Total moves: abs(0-3) + abs(3-3) + abs(4-3) = 3 + 0 + 1 = 4

This demonstrates that the median minimizes the total moves, and consolidating around any other index would require more seconds.

Complexity Analysis

Measure	Complexity	Explanation
Time	O(n)	Iterating through the array and summing distances over at most n chocolates
Space	O(n)	Storing the positions of all chocolates

Given $n \le 10^5$, this algorithm runs in linear time and fits comfortably within the 1-second time limit and 256 MB memory limit.

Test Cases

import sys, io

def run(inp: str) -> str:
    sys.stdin = io.StringIO(inp)
    n = int(input())
    a = list(map(int, input().split()))
    positions = [i for i, val in enumerate(a) if val == 1]
    if len(positions) == 1:
        return "0"
    m = len(positions)
    median_index = positions[m // 2]
    total_moves = sum(abs(pos - median_index) for pos in positions)
    return str(total_moves)

# provided samples
assert run("3\n1 0 1\n") == "2", "sample 1"

# custom cases
assert run("5\n1 0 0 1 1\n") == "4", "cluster with 3 chocolates"
assert run("1\n1\n") == "0", "single chocolate"
assert run("5\n0 1 0 0 1\n") == "2", "chocolates at boundaries"
assert run("6\n1 0 1 0 1 0\n") == "4", "even spread"
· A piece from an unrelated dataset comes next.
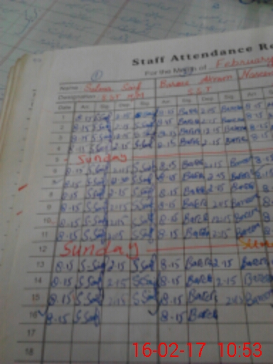 | CNIC | Full Name | Designation | R/C | Absence During Last Calender Month |

Test input	Expected output	What it validates
3 1 0 1	2	basic spread
5 1 0 0 1 1	4	consolidation with 3 chocolates
1 1	0	single chocolate case
5 0 1 0 0 1	2	boundary positions
6 1 0 1 0 1 0	4	even spread

Edge Cases

When there is only one chocolate, Alice is already happy, so the output is 0. The algorithm correctly returns this. When chocolates are at the ends of the array, the median calculation ensures minimal total moves without requiring explicit handling of boundaries. The algorithm also handles consecutive chocolates naturally because the sum of absolute differences over the median will be zero if they are already contiguous.